TASK PROMPT:
Transcribe the entries exactly as they stand below, passing over any picture.

INPUT DATA:

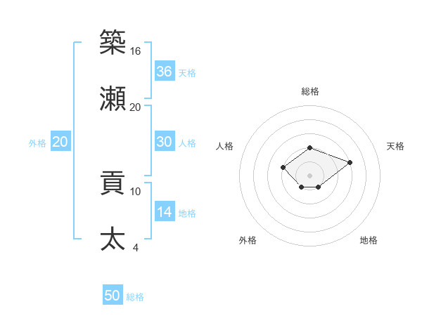 築瀬 貢太さんの総格は50画の2点!
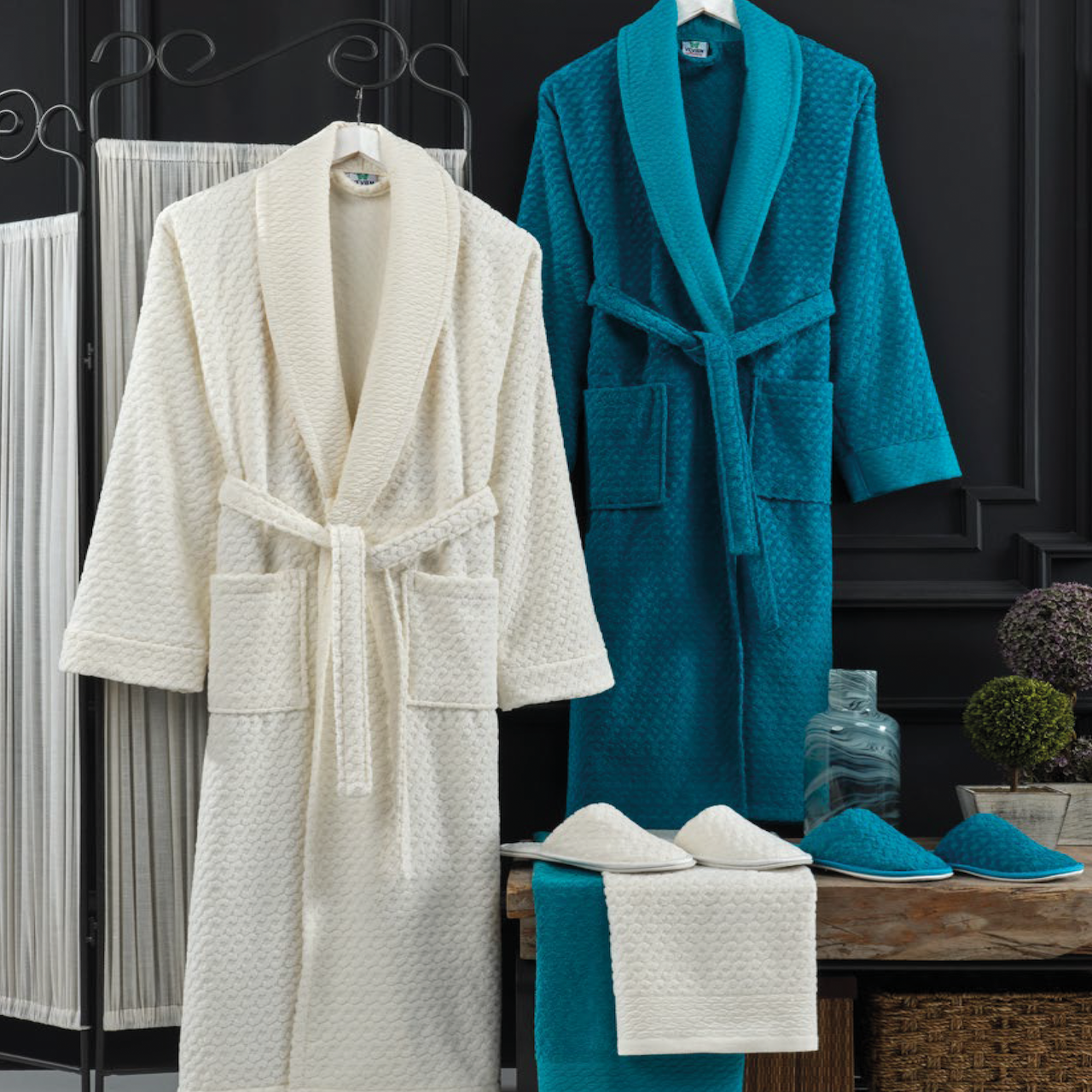 Kadife bornoz setleri, banyodan sonra sizi saran sıcaklık ve yumuşaklık hissiyle konforu yeniden tanımlıyor. Lüks kadife kumaşı sayesinde cilde nazik bir dokunuş sunarken, estetik tasarımıyla da banyonuza zarafet katıyor. Set içeriğinde bornozun yanı sıra uyumlu havlu ve terlik gibi tamamlayıcı parçalar da yer alabilir. Hem kendinizi hem de sevdiklerinizi şımartmak için ideal olan bu setler, özel günlerde harika bir hediye seçeneğidir. Evde spa keyfini yaşamak isteyenler için şıklık ve konforu bir araya getiriyor.
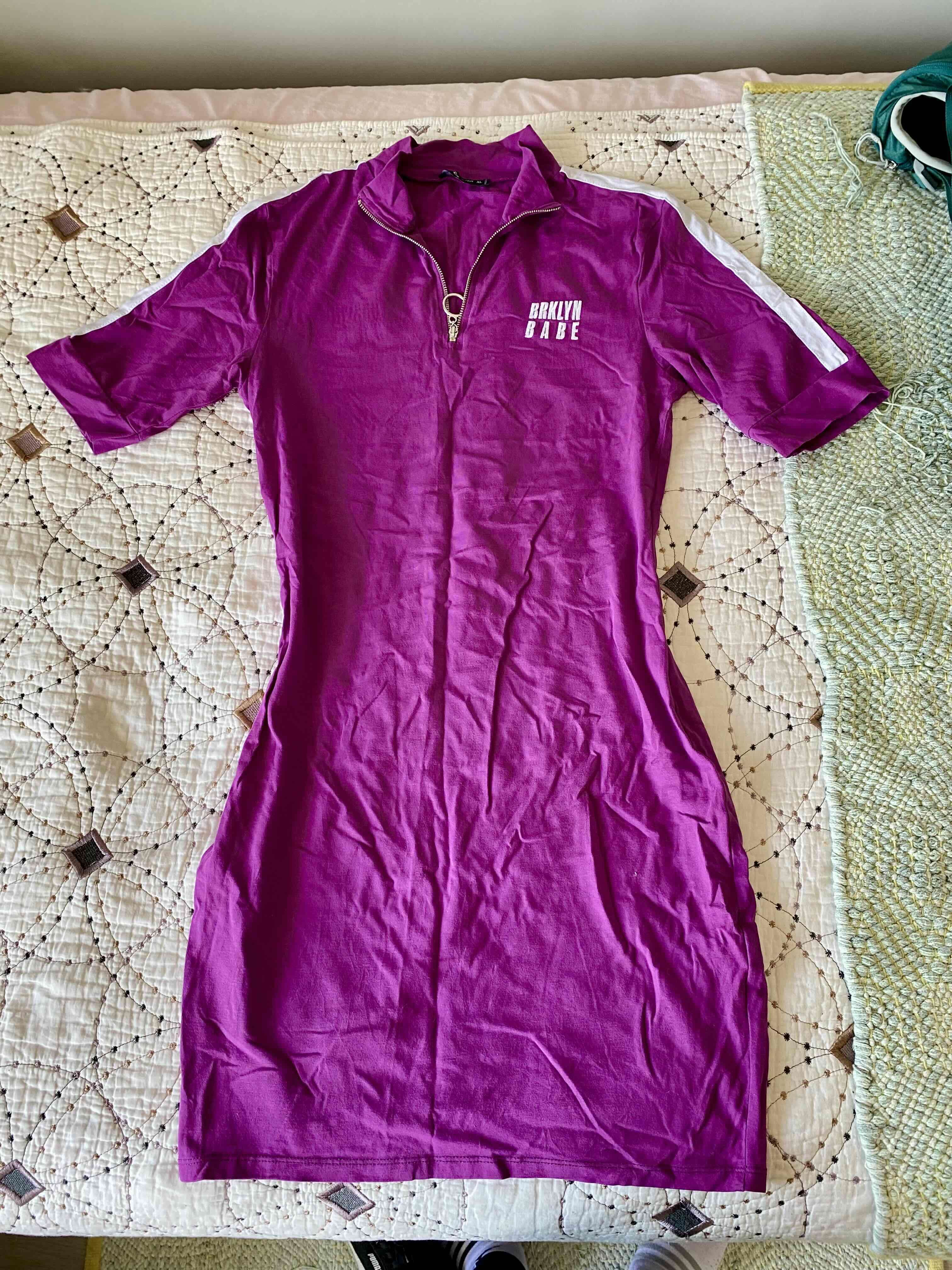 Vestido morado casual con diseño moderno y cremallera. Ideal para ocasiones informales. Buen estado general.
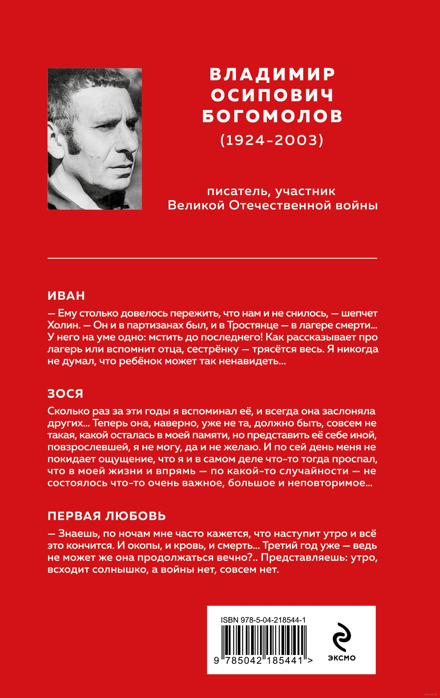 В книгу вошли военные произведения Владимира Богомолова: повести "Иван" (о судьбе мальчика-сироты, чье детство опалила война) и "Зося" (о кратком миге любви и надежды перед отправкой на фронт), а также рассказы "Первая любовь", "Кладбище под Белостоком", "Второй сорт", "Кругом люди" и "Сердца моего боль".
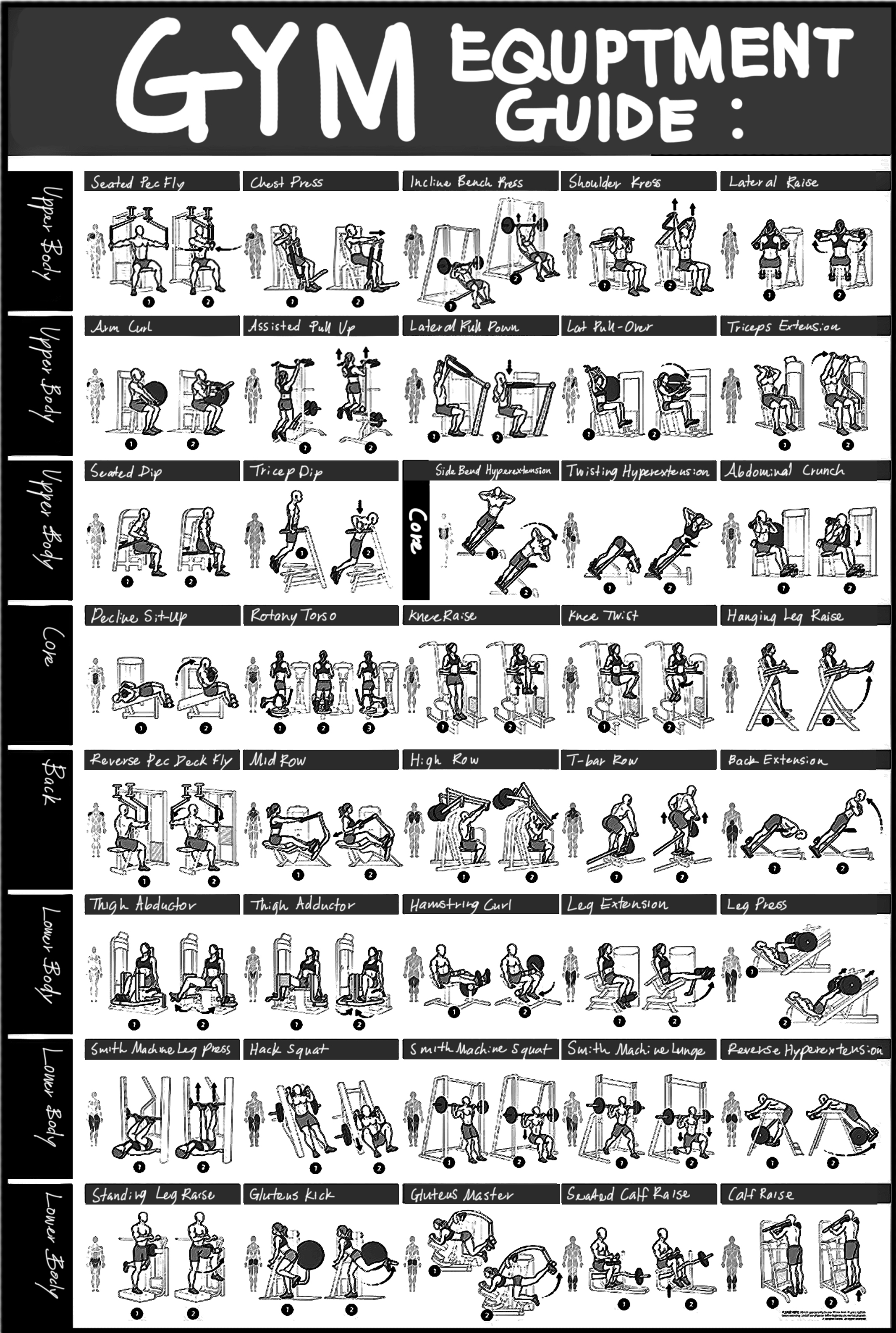 Considering that many people may not know how to use the gym equipment so I realized that a tutorial poster with all the instructions as a picture would help those people who prefer not to hire a personal trainer. This poster includes instructions for the upper body, core, and back to lower body.

ANSWER TO THIS TASK:
 築瀬 貢太さんの総格は50画の2点!
 Kadife bornoz setleri, banyodan sonra sizi saran sıcaklık ve yumuşaklık hissiyle konforu yeniden tanımlıyor. Lüks kadife kumaşı sayesinde cilde nazik bir dokunuş sunarken, estetik tasarımıyla da banyonuza zarafet katıyor. Set içeriğinde bornozun yanı sıra uyumlu havlu ve terlik gibi tamamlayıcı parçalar da yer alabilir. Hem kendinizi hem de sevdiklerinizi şımartmak için ideal olan bu setler, özel günlerde harika bir hediye seçeneğidir. Evde spa keyfini yaşamak isteyenler için şıklık ve konforu bir araya getiriyor.
 Vestido morado casual con diseño moderno y cremallera. Ideal para ocasiones informales. Buen estado general.
 В книгу вошли военные произведения Владимира Богомолова: повести "Иван" (о судьбе мальчика-сироты, чье детство опалила война) и "Зося" (о кратком миге любви и надежды перед отправкой на фронт), а также рассказы "Первая любовь", "Кладбище под Белостоком", "Второй сорт", "Кругом люди" и "Сердца моего боль".
 Considering that many people may not know how to use the gym equipment so I realized that a tutorial poster with all the instructions as a picture would help those people who prefer not to hire a personal trainer. This poster includes instructions for the upper body, core, and back to lower body.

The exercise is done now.